Ao longo dos nove dias de outubro deste ano em que a equipe da Agência Pública esteve em diferentes cidades do Cerrado baiano, o cenário relatado acima se repetiu diariamente: as passagens por pontes que antes estavam sobre rios, ribeirões, córregos, lagoas e outros corpos hídricos que hoje não existem mais como antes; os relatos da diminuição do nível ou do secamento total de cursos d’água, assim como das consequências que isso tem causado na vida desses ribeirinhos, pescadores e agricultores.
Na conta do agro
Entre os moradores das comunidades tradicionais do oeste baiano com quem a reportagem conversou, há um consenso: os recursos hídricos da região começaram a diminuir a partir do avanço da ocupação do agronegócio, iniciada entre as décadas de 1970 e 1980 e aprofundada nos últimos anos.
“No final dos anos 80, a gente já percebia que as águas estavam secando, o pessoal já falava nisso. Hoje a gente faz uma ligação de que tem a ver com o agronegócio, devido à instalação deles no chapadão, nas áreas de recarga [do aquífero Urucuia], com o desmatamento das nascentes”, explica o agricultor Jamilton Santos de Magalhães, de 39 anos. Conhecido como “Carreirinha”, ele vive na comunidade de fundo e fecho de pasto do Buriti, no Vale do Arrojado, em Correntina.

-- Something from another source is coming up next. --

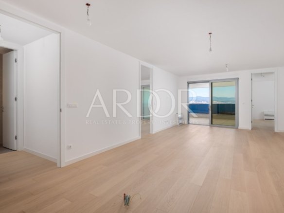 Unutrašnjost uključuje dvije spavaće sobe, svaka s vlastitom kupaonicom i tušem, dodatnu kupaonicu za goste, kao i prostrani dnevni boravak s kuhinjom i blagovaonicom. Ovaj otvoreni prostor savršeno je povezan s velikim balkonom, savršenim za uživanje u panoramskom pogledu na more.
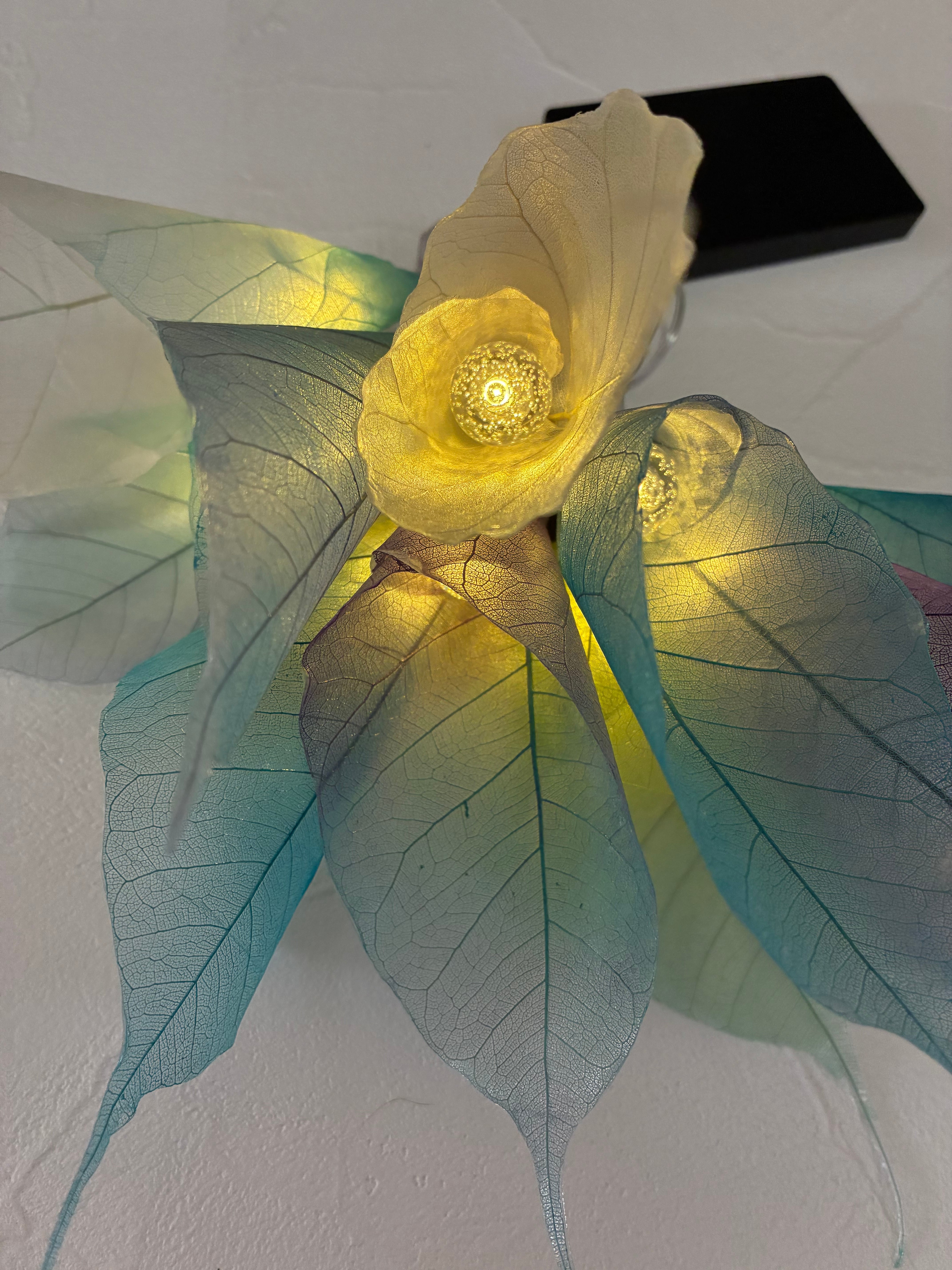 本物の植物の葉、インド菩提樹の葉っぱで作ったイルミネーションライト

Na entrevista à Pública, ele estava de pé dentro de um córrego que costumava abastecer as pequenas plantações locais – completamente seco naquele dia. Segundo o agricultor, a quantidade de famílias que habitam a região diminuiu nos últimos anos em decorrência do secamento da fonte de água. A situação ainda pode piorar, caso o vultoso projeto de irrigação da fazenda Conquista seja colocado em prática. Ligada ao empresário Fernando Schettino, que obteve do estado a maior quantidade de água outorgada a qualquer pessoa, empresa ou grupo familiar no Cerrado baiano, a propriedade localizada logo acima do Buriti tem autorização para captar mais de 320 milhões de litros de água por dia só do rio Arrojado.
Na comunidade de São Manoel, mais abaixo geograficamente em relação ao curso do mesmo rio, a percepção é semelhante. “De dez anos pra cá começou a piorar, já depois que esses grandes empresários aí em cima começaram a plantar roça grande, botar muitos pivôs, abrir poço. Aí foi secando nossas águas aqui”, afirma o agricultor Adolfo Batista de Oliveira, de 58 anos.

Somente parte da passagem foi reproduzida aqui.